Everything was dark in the dead of night. A hushed kind of silence had fallen over the house. The kind that was aware, the kind that waited. It made Draco grit his teeth as he pushed forward, the curl of anxiety a nauseous weight in his stomach. Fear was a slow crawl up and down his spine, cutting his breath down in small, nervous gasps. I want to get out of here, he thought, like a rattling inside his skull. He had to stop, for a moment, lingering among the shadows, bent over as though he'd been punched. Distantly, he wondered when was the last time he'd felt safe inside his own home.

(Some birds die in captivity.)

"You are out late, Mr Malfoy."

The low drawl was a slap across the face. Draco straightened, a spring pulled taught.

"Severus," he said, careful, turning around with a hand smoothing down his clothes. "You're here early."
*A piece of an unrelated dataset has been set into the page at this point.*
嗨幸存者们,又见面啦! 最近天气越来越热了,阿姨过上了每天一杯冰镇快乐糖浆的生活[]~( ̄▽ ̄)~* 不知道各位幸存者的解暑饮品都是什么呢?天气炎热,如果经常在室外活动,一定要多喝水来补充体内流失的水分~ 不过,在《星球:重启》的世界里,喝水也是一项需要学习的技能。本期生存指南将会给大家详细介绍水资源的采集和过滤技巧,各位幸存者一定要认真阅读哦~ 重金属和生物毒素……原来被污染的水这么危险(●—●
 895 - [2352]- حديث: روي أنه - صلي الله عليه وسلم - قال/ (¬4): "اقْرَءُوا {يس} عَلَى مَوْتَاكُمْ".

His Godfather detached himself from the shadows, where his long, flowing black robes had kept him hidden from sight. A cold slice of moon streaked the sky outside, casting just enough light to see by. It caught on Severus' sunken cheeks, on the deep hollows of his eyes. The Potion's Master had always been a thin, shallow man, framed in bitterness. The last few months had done nothing to blunt those sharp edges. Any trace of lingering softness had been flayed from Severus' skin. He was tinged grey in the wan light, looking as though all his remaining fat had been sucked from his bones. More Inferi than Man, but for the abrasive spark of intelligence burning quietly in the pit of his eyes.
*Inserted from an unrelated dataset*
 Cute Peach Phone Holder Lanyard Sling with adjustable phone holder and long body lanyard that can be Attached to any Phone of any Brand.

Good, Draco thought, viciously.

(There had been a flash of green light, Draco remembered, and a single certitude streaking the ringing silence in his mind, sure and horrified.

I have killed a man.

He may not have struck the final blow that felled Dumbledore, but it felt as though he had, and nothing in Draco was gracious enough to forgive Severus for it.)

"It would not do to keep our Lord waiting," Severus said, and his voice was soft, almost delicate. He did not move further into the room, closer to Draco, or away, to where the meeting was to take place.

"It would not," Draco agreed. "Though I imagine, as his trusted hand, he would forgive a little lateness from you."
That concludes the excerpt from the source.